Is there a short rationale for the change?

The rationale is the following:

  1. we keep, and will keep allowing Symbols, actually internally we work and will work with Symbols, as they are faster.
  2. it is very convenient to have a possibility to work with strings, consider eg. df."some column" the ways you had to use in the past to get a column with a space inside it (the simplest is df.var"some column" so it is not that bad but most users do not know that this is possible)
  3. People migrating from R/Python naturally tend to use strings, and DataFrames.jl is an entry-level package, and explaining the difference between strings and Symbols and why you are not allowed to do string operations on Symbols is not something you want to do to non computer scientists during the introductory lecture.

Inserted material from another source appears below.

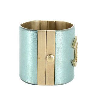 Bring a fashionable pop of color to your look with this unique Chanel cuff. It has a push-button clasp and bold CC logo.

We are aware that it comes at a cost of being a bit overly flexible, but again - strings are just opt-in feature so if you do not like it do not use it (I do not use them in my code unless in very special cases).

13 Likes

I love it! I found that working with columns with spaces was very verbose due to the requirement for explicit Symbol conversion. (I wasn’t aware of the var trick, that’s pretty cool!)

Nice.

Is there any benchmark showing the speed and memory consumption) of reshaping with DataFrames.jl vs R’s data.table?
I mean converting big dataframes from long to wide and vice versa.

Database-like ops benchmark (and you should probably look at the bars from the second run, as the first run includes compilation time)

2 Likes

These benchmarks are incredible… congrats!

But those bencharmks don’t include reshaping, just “grouping by” and “joining”.

I don’t think there is any benchmark for re-shaping, unfortunately.

What will be the relationship between DataFrames and DataFramesMeta over time? Will DataFrames incorporate the functionalities of DataFramesMeta in the future?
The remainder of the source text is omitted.